Sensitivity = a / a + c, that is, the proportion of cases who are infected and have a positive test.

Specificity = d / d + b, that is, the proportion of cases who are not infected and have a negative test.

Positive predictive value = a / a + b, that is, the proportion of cases with a positive test who are infected.

Negative predictive value = d / d + c, that is the proportion of cases with a negative test who are not infected.

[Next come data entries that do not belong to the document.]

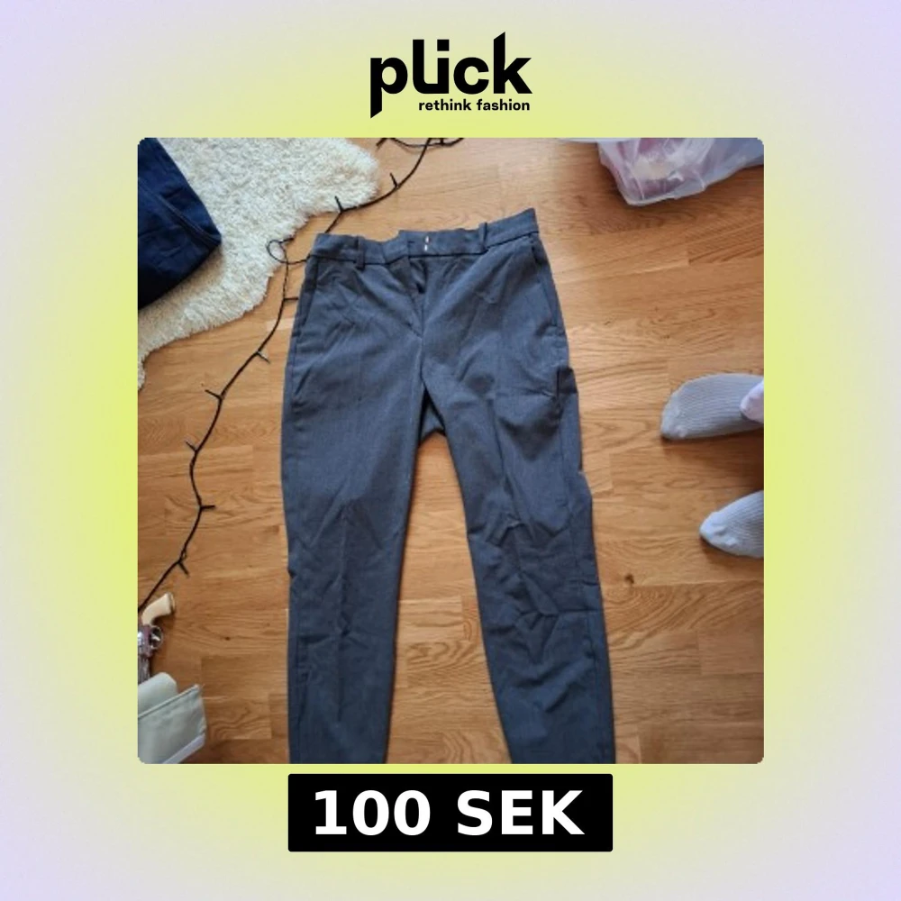Snygga grå kostymbyxor från H&M med en stilren design. Byxorna har en dragkedja och knappar i midjan för en säker passform. Perfekta för en elegant look.
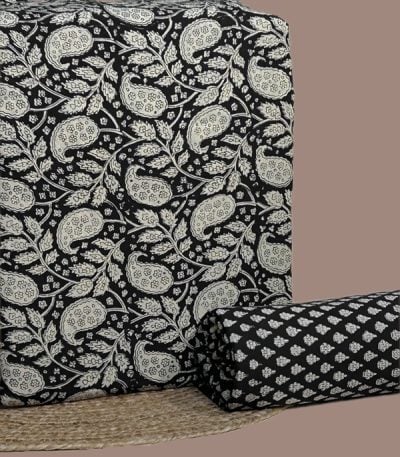 Black – 2pc Set (2.5m each) Ajrakh HandCrafted Cotton Dupatta and Top Cotton Fabric Set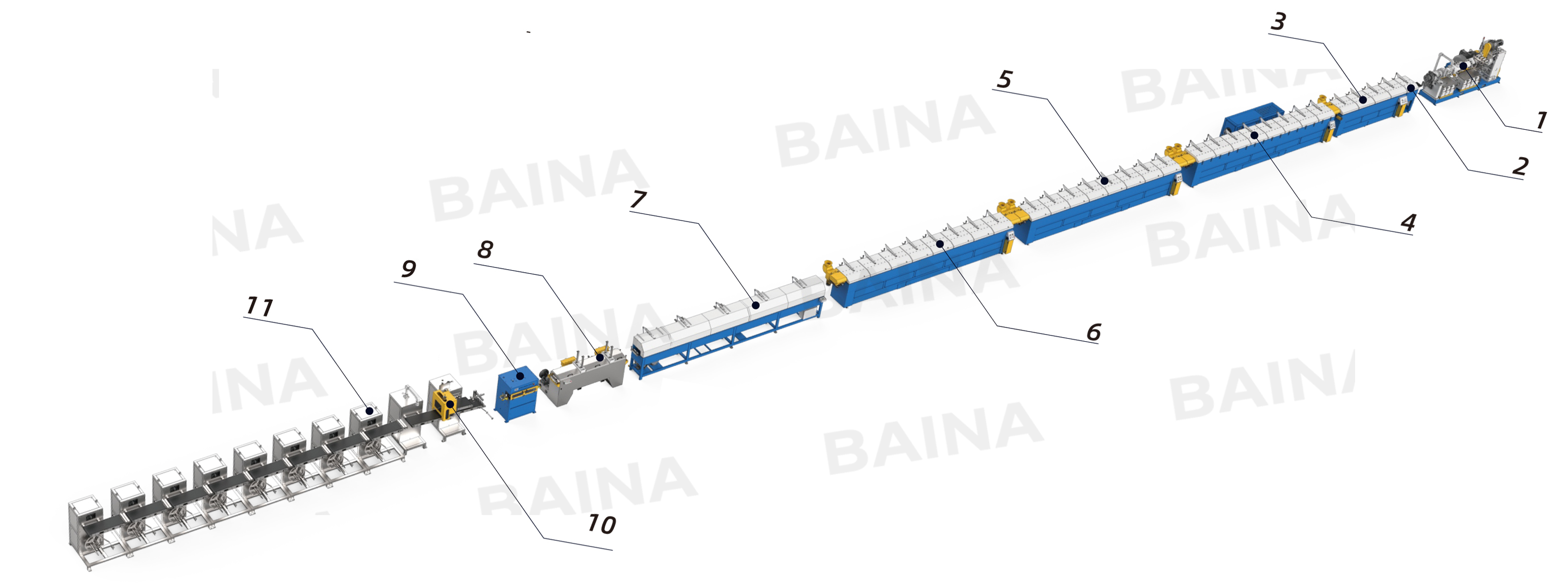 | 1-g150mm20D Cold Feed Vacuum Rubber Extruder | 4-8.9m 10KW Microwave curing oven (UHF) | 7-8m Cooling water tank | 10-Cutting machine |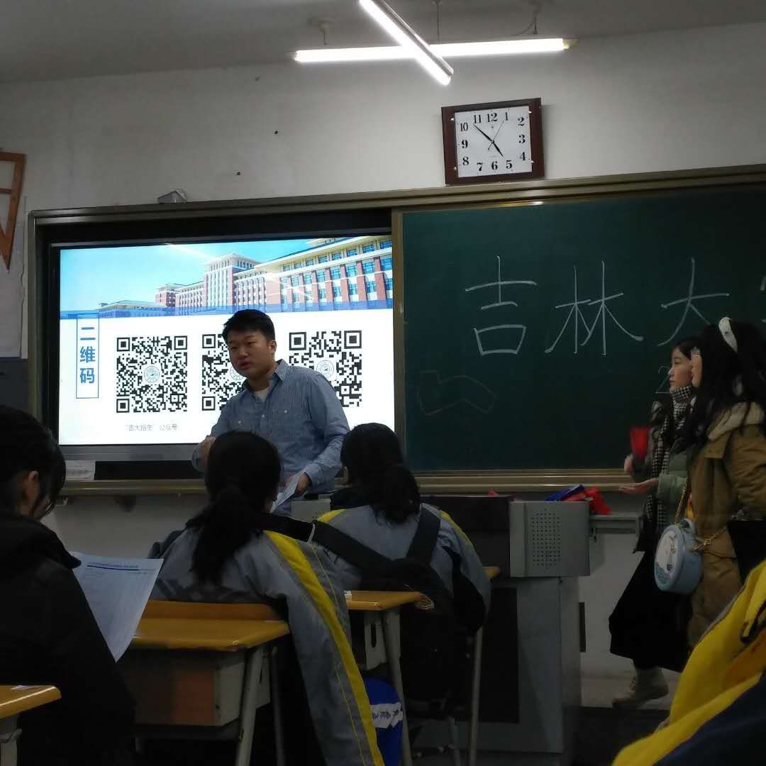 1月19 日,海角社区 的任思怡团队回到了自己的母校吉林毓文中学参加了统一举办的宣讲活动。此次宣讲活动其学校为每一个团队提供了一间教室,让需要宣讲的团队在教室等待学弟学妹课后来听感兴趣的高校代表团队的宣讲。海角社区 作为本省最好的综合性重点大学,其宣讲团所在的教室座无虚席,甚至很多学弟学妹站在教室后面等待着宣讲的开始。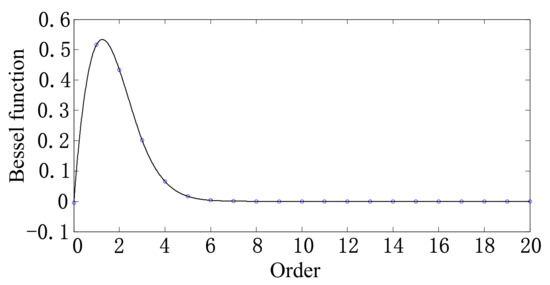Calculating the data of the Bessel function, the fitting curve is shown in Figure 7.
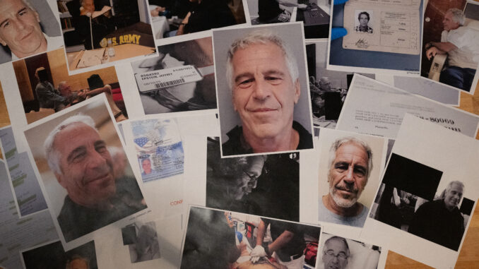 This photograph taken in Le-Perreux-sur-Marne, on February 9, 2026 shows pictures provided by the US Department of Justice on January 30, 2026 as part of the Jeffrey Epstein files.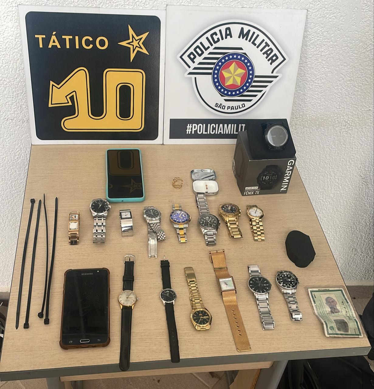 criminosos levando relógios, joias e várias armas, sendo a vítima um CAC
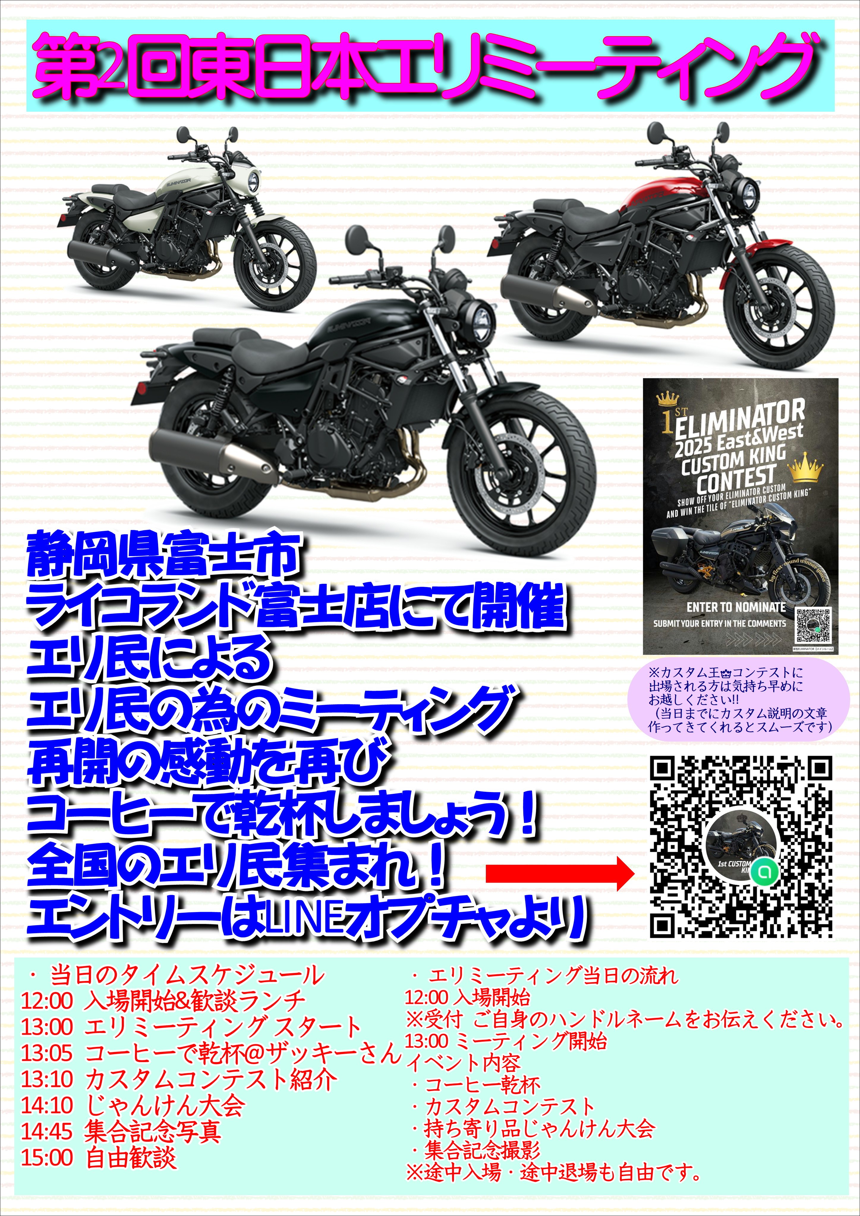 全国からエリミネーターオーナーの方が集結するので、SNS上では知っているあのバイクがくるかも!?なんて期待も膨らみますよね。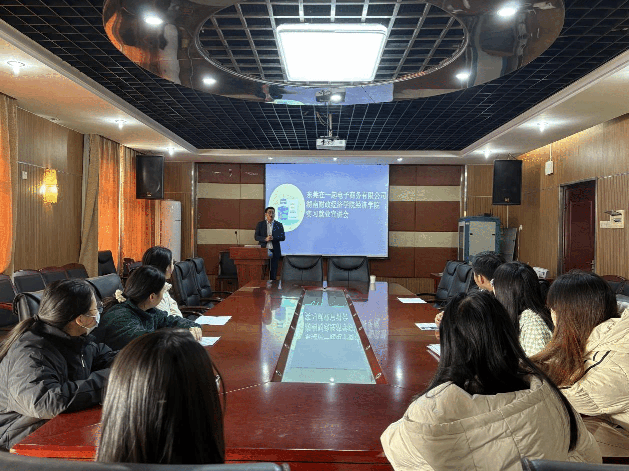 (本网讯)12月18日上午10点,东莞在一起电子商务有限公司校企合作项目负责人张总在经济学院1014会议室,为我院2026届毕业生带来了一场内容丰富、贴近实务的就业实习宣讲会,现场气氛热烈。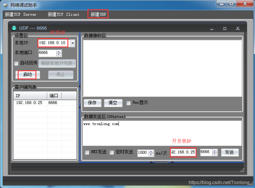 - 打开网络调试助手软件(路径:"光盘资料/Tools/NetDebugTool/NetDebugTool.exe"),新建UDP,输入主机IP跟端口号,输入开发板IP跟端口号,按启动。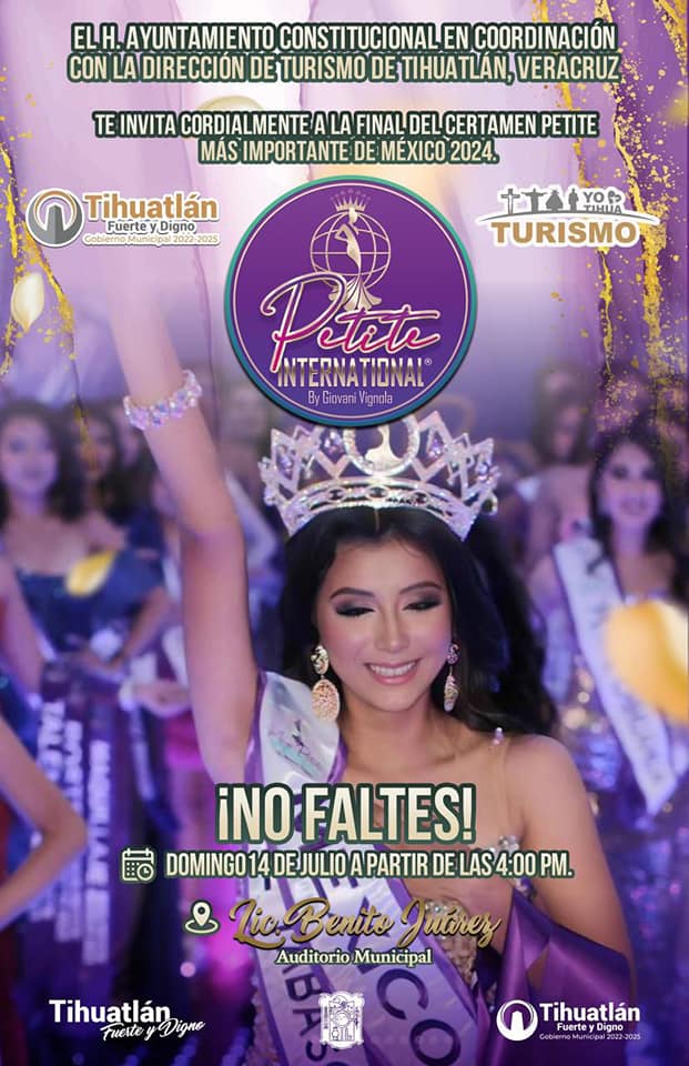 El certamen Miss Petite International 2024 promete ser un evento inolvidable, donde se celebrará la elegancia y la gracia de las participantes, así como la hospitalidad y belleza de Tihuatlán, Veracruz.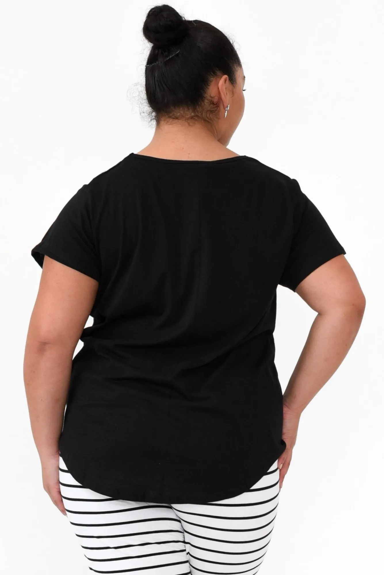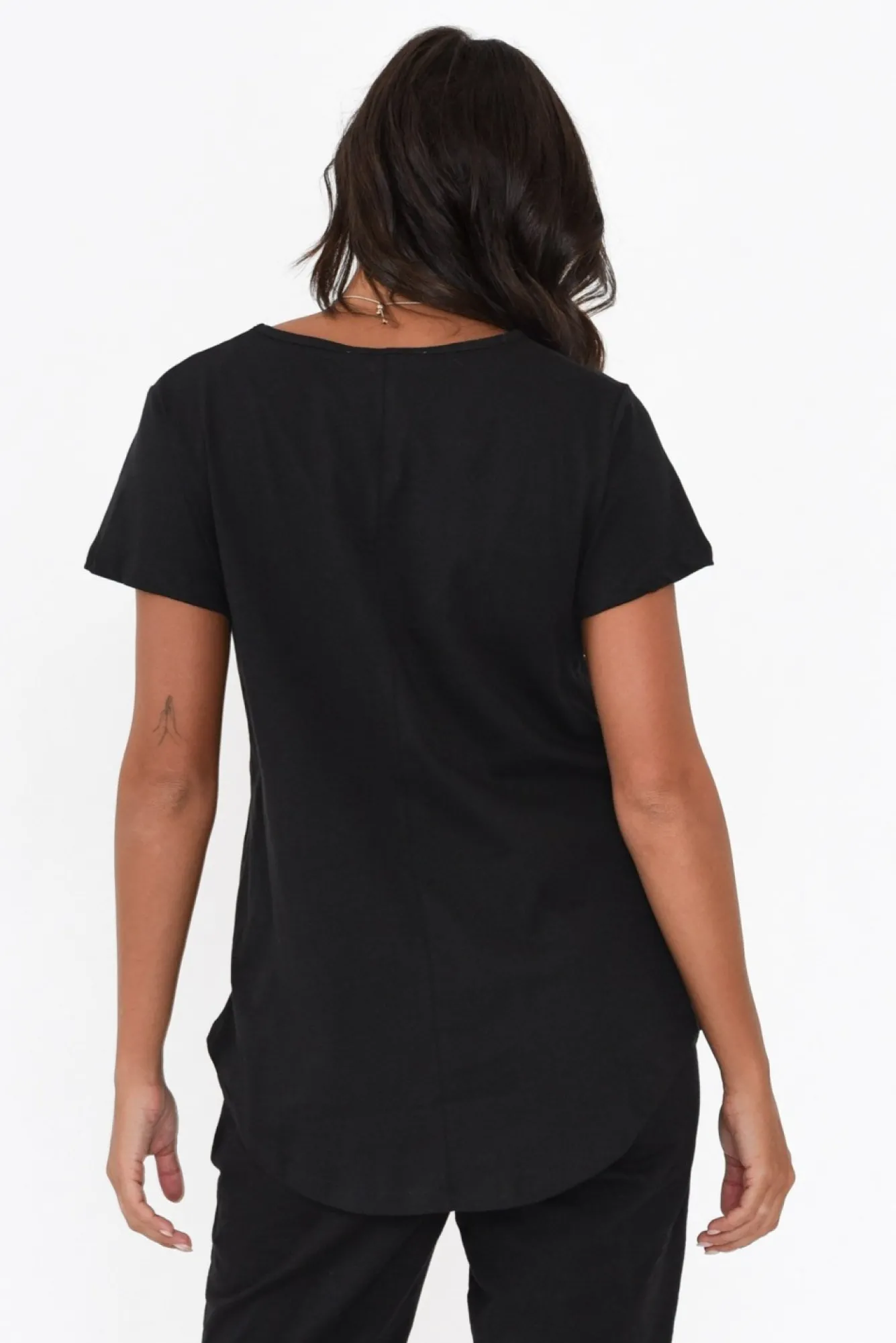 Fit: True To Size. Refer To Size & Fit Tab Below For Specific Size RecommendationNNfabric: 100% CottonNlovely Soft Cotton Fabric With A Lightweight And Breathable FeelNNsimple V Neckline Sits Above The BustNNcomfortable Tee Silhouette With A Subtle A-Line Flare NNshort Sleeve StyleNhi-Lo Hemline Skims The Hips NNNcare: Cool Gentle Hand Wash RecommendedNNcolour: Timeless Black Shade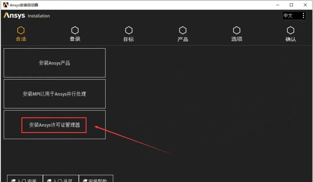 5.点击【安装 Ansys许可证管理器】。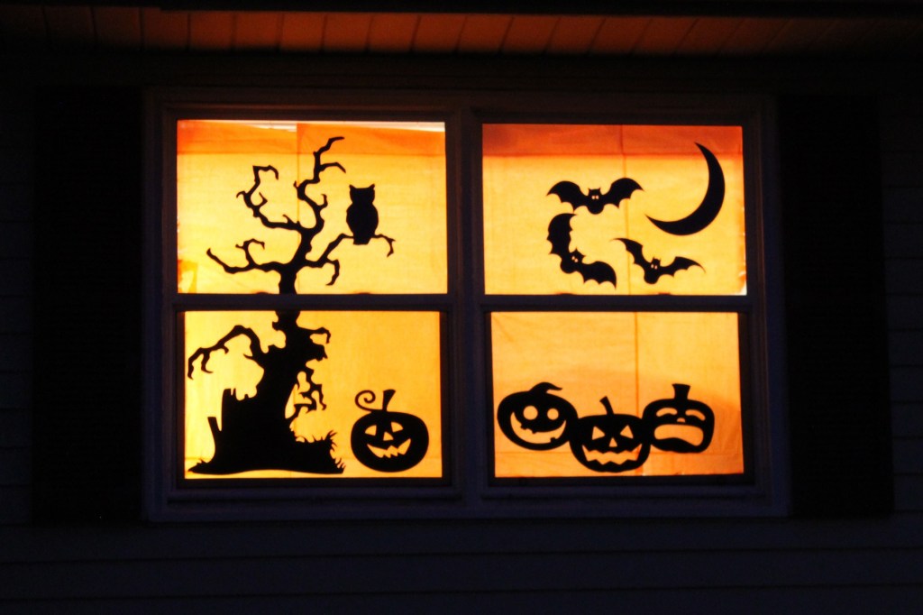 Gently we’d pull out images of smiling pumpkins, black cats, a silhouetted witch, skeletons and spider webs all printed onto pre-cut card stock. Over time their colors faded and their edges frayed, but we’d greet and care for them like friends we only got to see once a year. Carefully they’d be scotch-taped to the window until the last piece was hung, the banner reading: HAPPY HALLOWEEN!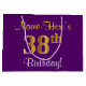 Grand Sac Cadeau Elégant, pourpre, Faux Gold 38ème anniversaire + N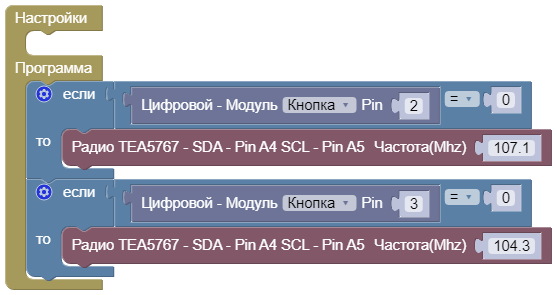 При клике на кнопку - отправим частоту на FM Радио TEA5767
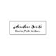 This text template has two lines of display text. The top line is an elegant script that you can edit to show a name as a signature. The bottom line is printed display text for your job title or a custom message.

Likelihood ratio for a positive test = [a / a + c] / [b / b + d], that is, post-test odds of infection = pretest odds × likelihood ratio (odds = probability / 1 − probability).*

Likelihood ratio for a negative test = [d / d + b] / [c / a + c], that is, post-test odds of no infection = pretest odds × likelihood ratio (odds = probability / 1 − probability).*

*The mathematics can be avoided by using a nomogram for applying likelihood ratios (Fagan TJ. Nomogram for Bayes’s theorem. N Engl J Med 1975;293:257). A straight line is drawn through the estimated pretest probability that the baby will experience the outcome of interest and the likelihood ratio associated with the given test result. The probability that the baby will now experience the outcome, given that particular test result (post-test probability), can simply be read off the nomogram.